部屋から出て髪をわしゃわしゃと拭いた。
「琉稀」
『………紘』
食堂の方からフラフラと現れたのは紘だった。
『早いね』
「琉稀が早く来いって言った」
不機嫌そうに眉をひそめる紘。
眠いのか、目が半開き。
『海だと。
水着とかどうしよ。』
苦笑しながら言うと、紘は苦虫を噛み潰したような標準をした。
「………気にしなくてもいい」
『人様の目に毒だよ』
そう言って乾いた髪を後ろにはらってバスタオルを手に持った。
………バスタオルってどうすれば?
悩んでいると、恭輔が食堂から出てきた。
「あ、琉稀と紘おはよ」
『おはよ』
「おはよ」
私と紘も挨拶してバスタオルを少し持ち上げた。
『コレってどうすればいい?』
「あぁ、そこのかごに入れときな。
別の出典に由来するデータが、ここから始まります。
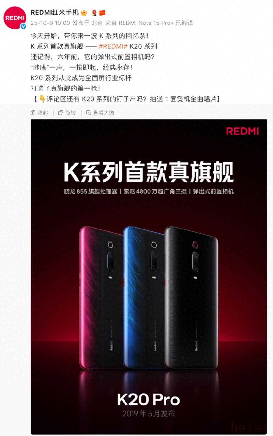如上圖所見,REDMI紅米手機(jī)官方微博表示“ 今天開始,帶你來一波K系列的回憶殺! ” 率先回顧了 K系列首款真旗艦 —— REDMI K20系列,并詢問是否還有K20系列的釘子戶~

」
恭輔の指差したのは、バスルームの横にある部屋の少し大きいかごだった。
それに投げ入れると、紘は怪訝な表情で私を見た。
「透璃起こさないと…」
恭輔は伸びしながら言った。
『起こしに行こうか?』
「いや、あいつ寝起き本当悪いから…」
『大丈夫だよ。
恭輔は用意しな』
そう言うと、恭輔はふわりと笑ってお言葉に甘えて、と二階に上がって行った。